§ WORK ORDER:
The response should repeat word for word every line below from the one with "2) An assignment" to the one with "女铁匠,勾选左侧第二栏,放入装备,磨炼石", inclusive, and nothing else; leave pictures out.

Segment Start: DATA FOR ANALYSIS

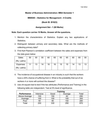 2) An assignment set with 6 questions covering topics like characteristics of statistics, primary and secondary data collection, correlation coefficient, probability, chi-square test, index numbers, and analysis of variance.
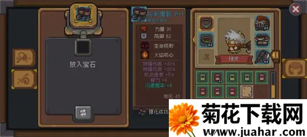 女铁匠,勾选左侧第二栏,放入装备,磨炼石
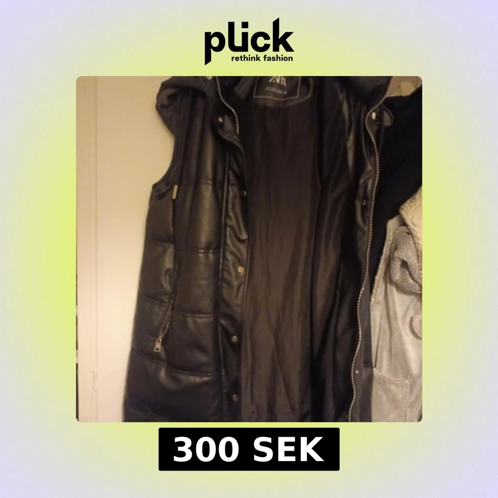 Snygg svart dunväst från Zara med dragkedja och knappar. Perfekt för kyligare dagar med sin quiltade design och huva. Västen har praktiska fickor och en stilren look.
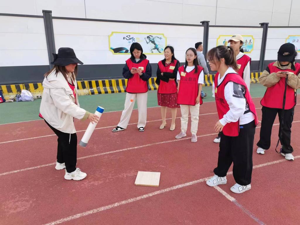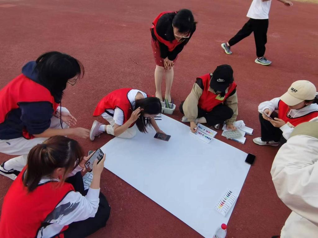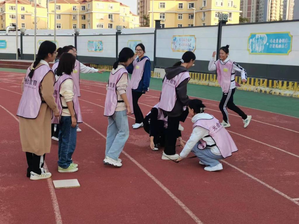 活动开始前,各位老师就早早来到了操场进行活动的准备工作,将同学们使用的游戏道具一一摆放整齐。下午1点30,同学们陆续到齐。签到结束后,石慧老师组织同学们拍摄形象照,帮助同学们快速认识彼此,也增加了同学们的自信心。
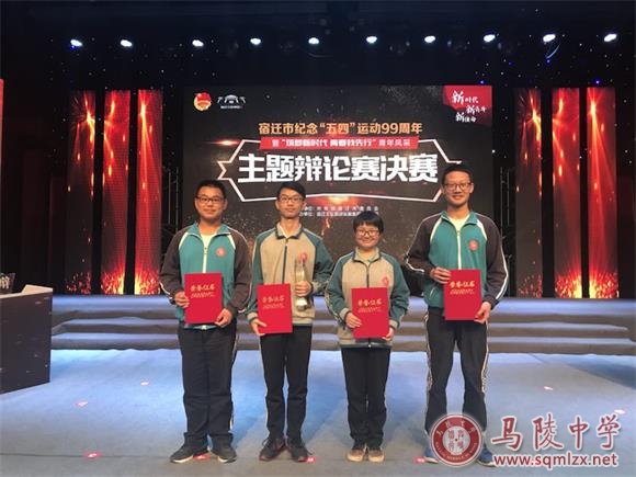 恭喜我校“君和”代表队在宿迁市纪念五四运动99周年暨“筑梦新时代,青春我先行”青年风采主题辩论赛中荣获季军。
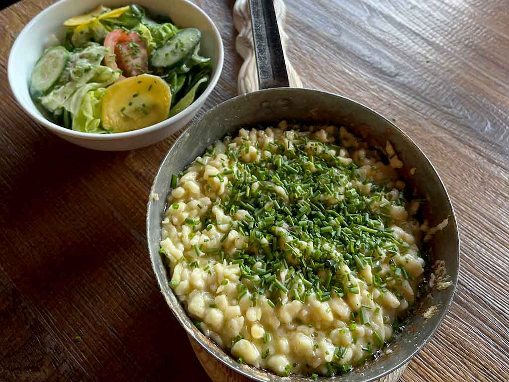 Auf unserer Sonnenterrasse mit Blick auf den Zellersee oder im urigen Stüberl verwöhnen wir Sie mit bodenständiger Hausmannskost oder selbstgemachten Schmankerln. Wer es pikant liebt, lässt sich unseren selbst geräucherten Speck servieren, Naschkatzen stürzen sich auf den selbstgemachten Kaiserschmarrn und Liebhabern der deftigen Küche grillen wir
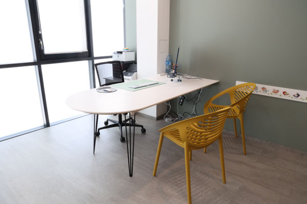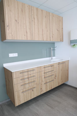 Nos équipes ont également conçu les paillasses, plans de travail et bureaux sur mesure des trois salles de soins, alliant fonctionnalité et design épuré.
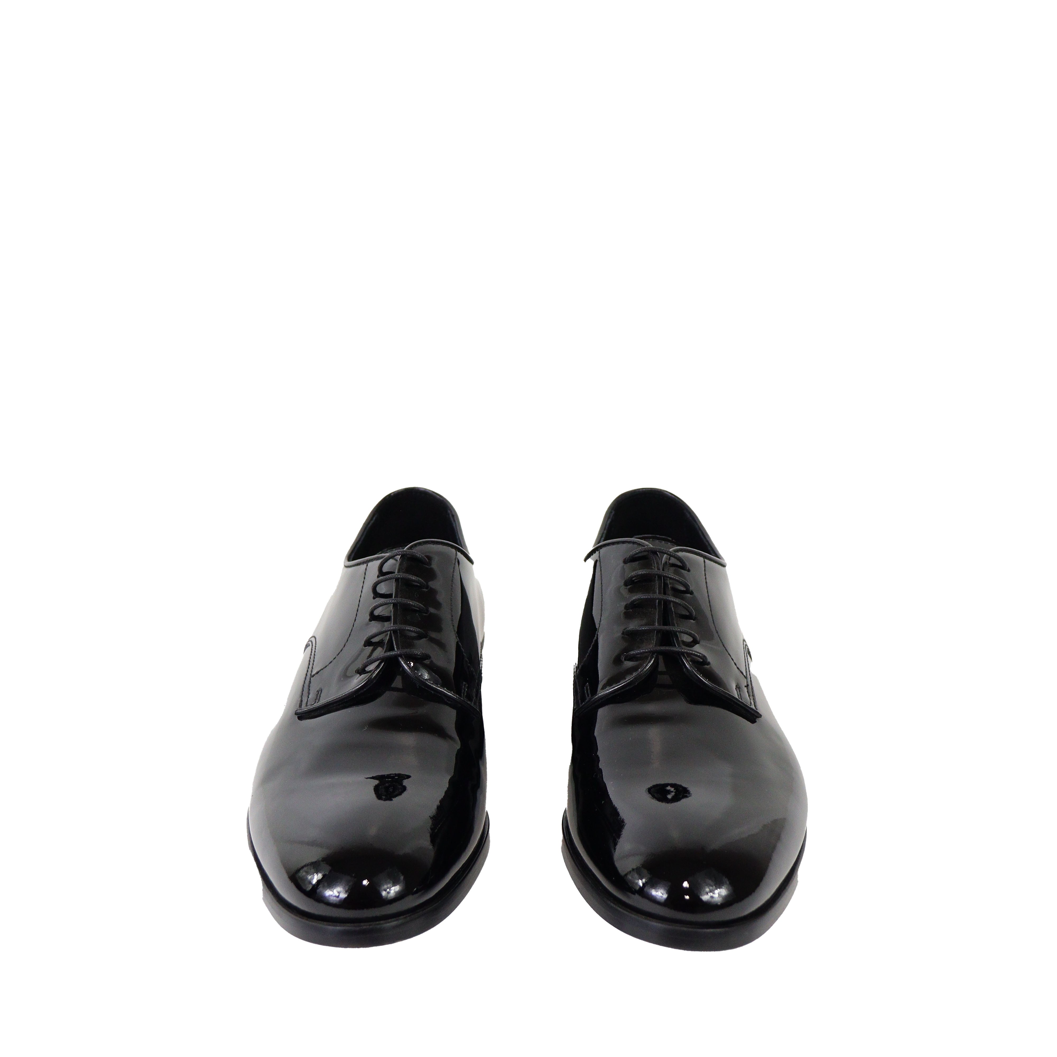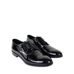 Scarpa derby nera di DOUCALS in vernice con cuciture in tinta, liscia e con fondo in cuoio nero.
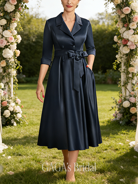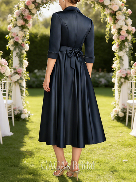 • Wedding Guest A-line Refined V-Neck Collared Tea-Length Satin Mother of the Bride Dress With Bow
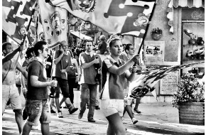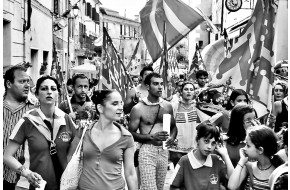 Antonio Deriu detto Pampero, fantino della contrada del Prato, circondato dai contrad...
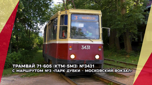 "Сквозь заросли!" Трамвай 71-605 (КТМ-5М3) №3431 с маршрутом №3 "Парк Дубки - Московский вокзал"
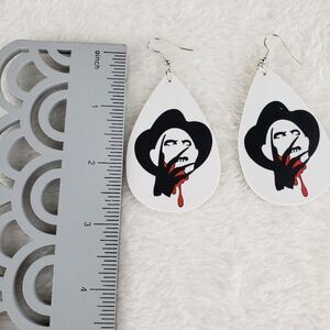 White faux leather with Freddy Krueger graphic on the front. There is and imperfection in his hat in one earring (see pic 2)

Segment End: DATA FOR ANALYSIS
Segment Start: DATA FOR ANALYSIS

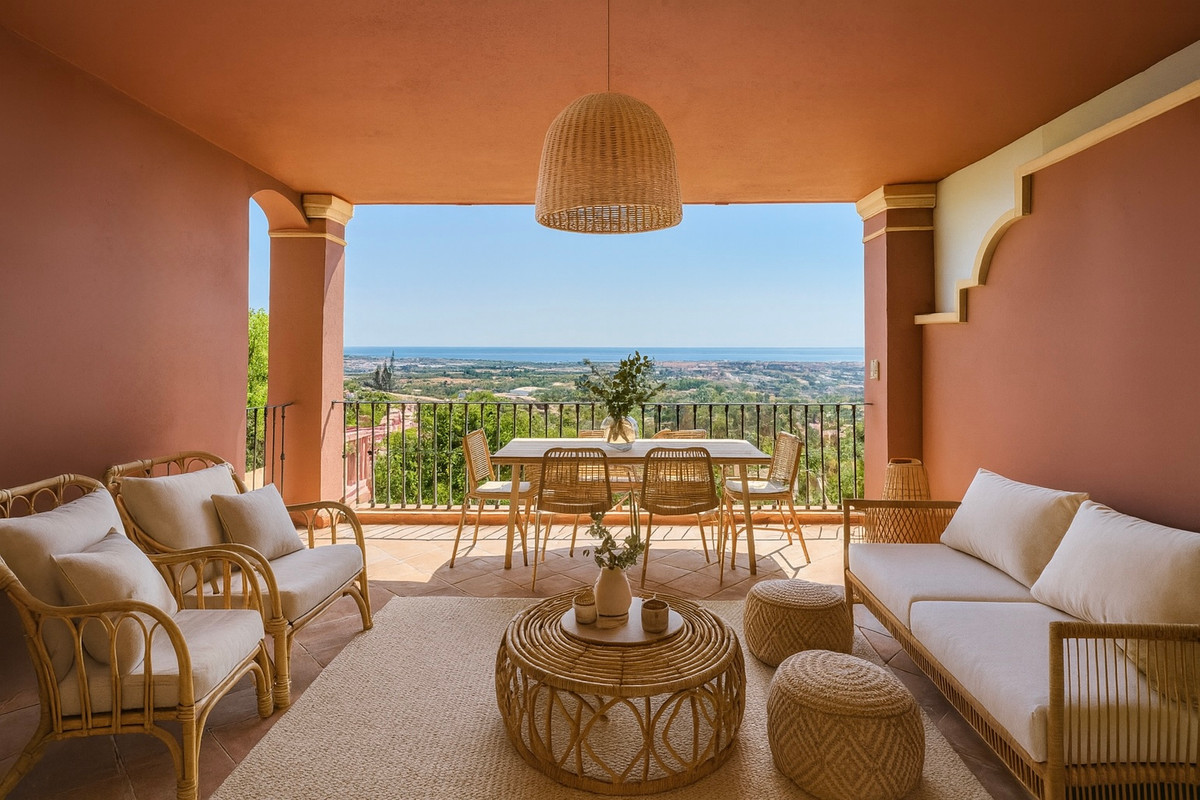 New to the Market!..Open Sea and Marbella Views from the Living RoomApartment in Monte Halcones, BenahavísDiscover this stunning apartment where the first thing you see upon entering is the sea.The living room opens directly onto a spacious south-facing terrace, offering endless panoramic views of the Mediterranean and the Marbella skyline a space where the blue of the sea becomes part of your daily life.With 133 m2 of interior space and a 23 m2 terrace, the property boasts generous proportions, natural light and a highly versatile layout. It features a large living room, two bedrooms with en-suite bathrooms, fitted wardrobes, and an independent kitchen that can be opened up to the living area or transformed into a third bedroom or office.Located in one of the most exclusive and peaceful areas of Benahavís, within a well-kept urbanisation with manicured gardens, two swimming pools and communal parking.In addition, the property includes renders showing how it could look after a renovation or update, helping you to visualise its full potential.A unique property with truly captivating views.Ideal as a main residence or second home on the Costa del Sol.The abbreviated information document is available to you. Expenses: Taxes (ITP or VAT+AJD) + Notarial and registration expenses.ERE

Segment End: DATA FOR ANALYSIS
Segment Start: DATA FOR ANALYSIS

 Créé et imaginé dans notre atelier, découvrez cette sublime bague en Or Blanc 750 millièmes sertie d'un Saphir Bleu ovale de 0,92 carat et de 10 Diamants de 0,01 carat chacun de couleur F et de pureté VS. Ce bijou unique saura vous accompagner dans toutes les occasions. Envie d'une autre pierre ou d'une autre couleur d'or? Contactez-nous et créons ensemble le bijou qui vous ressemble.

Segment End: DATA FOR ANALYSIS

§ ANSWER TO THIS TASK:
 2) An assignment set with 6 questions covering topics like characteristics of statistics, primary and secondary data collection, correlation coefficient, probability, chi-square test, index numbers, and analysis of variance.
 女铁匠,勾选左侧第二栏,放入装备,磨炼石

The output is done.